Wednesday, December 10, 2008

Productivity Tip: Fail Quickly, Succeed Quickly

Ugh, I'm in a bad spot. We're shoring up a release and I'm helping our testers with their regression tests. We're now running all the old test cases from the earlier iterations. Expectedly, some of the older test cases are failing. My job is to provide some explanations as to why the test cases are failing. It's been going well, until today.

I hit a really bad set of tests. The thing about these tests is they take a long time to run and a long time to fail. Oh, they're brimming with NullPointerExceptions that are caused by some bad assumptions that were made about 6 months ago. Fixing the NPEs is no big deal, but finding them is taking progressively longer. When I started this morning I could get to the next NPE in a few minutes. Now we're taking a good 20 minutes. I think the whole test case should take about 25 minutes to run, so we can't be too far away.

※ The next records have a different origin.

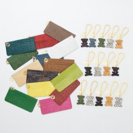 シュリンク型押しをほどこしたソフトな牛革と、当ブランドオリジナルのプリントをほどこしたダイヤモンドパイソン革を組み合わせたバッグチャームです。
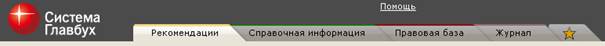 В разделе «Правовая база» дополнительно действует поиск документа по реквизитам, ставший привычным для справочно-правовых систем, и дополнительный поиск по аттачментам. Ознакомимся с каждым видом поиска в разделах «Системы Главбух» более подробно. 3.1. Раздел «Рекомендации» При входе в Систему по умолчанию открывается Стартовое окно главного раздела Системы — раздел «Рекомендации». С помощью закладок вверху экрана можно перейти к материалам других разделов («Справочная информация», «Правовая база», «Журнал», «Избранное»).
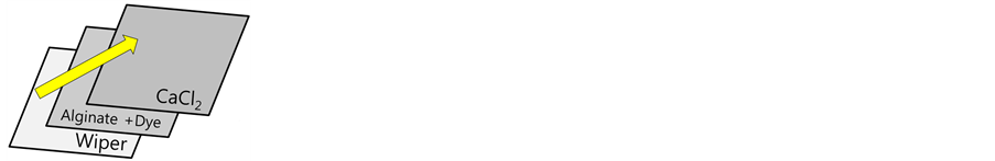 The pH indicating and water soluble dyes p indicatingdyes were mixed with hydrophilic binder(Sodium Alginate, SA) to 0.1 wt% of dye in 1 w% of SA aqueous solution with or without benzoquinone (0.5 wt%), then this solution was coated on the nonwoven fabric sheet and cured with calcium chloride solution (10 wt%) (Figure 3). After curing, coating layer on nonwoven sheet showed improvement of water repellency.
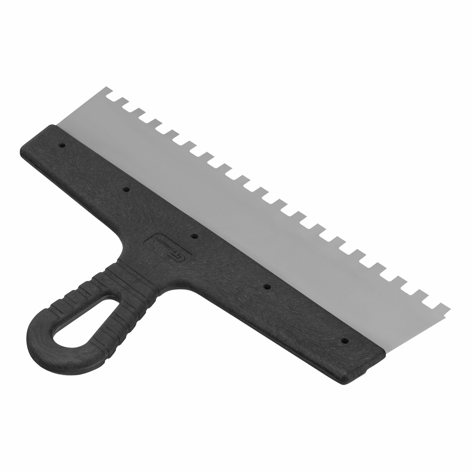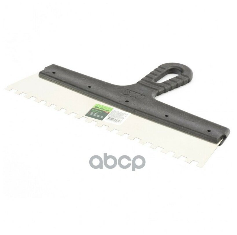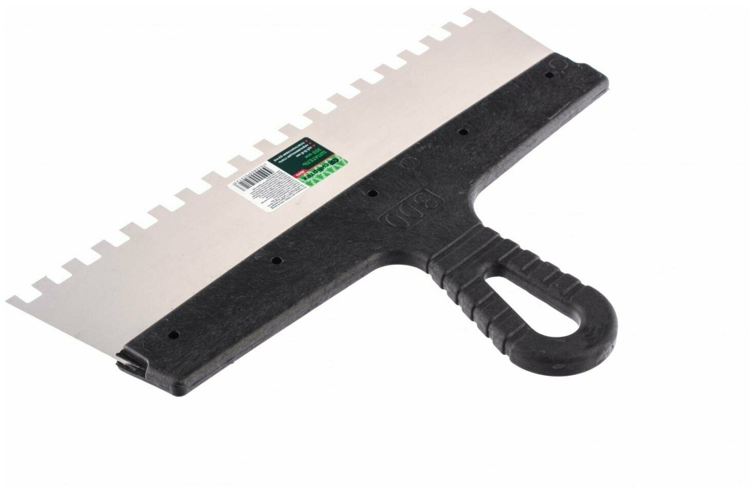 | Прочие особенности и свойства | Полотно шпателя изготовлено из нержавеющей стали., Рабочая поверхность инструмента имеет квадратные зубья., Облегченная ручка из ударопрочной пластмассы., Ручка шпателя имеет специальную изогнутую форму, что обеспечивает максимально удобную работу., Шпатель предназначен для нанесения, выравнивания и сглаживания шпаклевочного слоя на больших и малых поверхностях. |

The good news, we have excellent coverage of all our test cases. The bad news, when I start a test case I have a 15+ minute void of time where I'm waiting for the next thing to do. I'm filling the void by helping my teammates with their issues, but the voids remind me of a dangerous programming rut I've found--time voids.

Time voids are the things that regularly block a programmer from doing their work. The most dangerous ones to me are development environments that take a long time to set up and require frequent setups.

When I do development I try to iterate through a cycle of setting up a test case for what I want to do, validate that the test case doesn't currently work, writing just enough code to get the case to work, and then validating that it works.

Time voids come in when a workstation takes a long time to perform one of those steps, usually it happens when an environment is being rebuilt or a server is starting up.

Ideally, I'd love to have those necessary delays take a few seconds. Unfortunately, there are times when those delays are minutes if not tens of minutes. That's a productivity killer. The biggest problem with a regular delay is everything you do becomes very expensive. Trying out an idea doesn't take a couple of minutes, instead it might be half an hour. It might cost a day.

What do you do in the time when you're waiting for your system to catch up? You can wipe out your administrative work, clean up your documentation, read documentation, work with others. Probably the best thing you could do is figure out how to eliminate the time voids and get to an environment where failure comes quickly.

Ah, nothing prepares the pallet for the taste of success like the sweet smell of swift failure.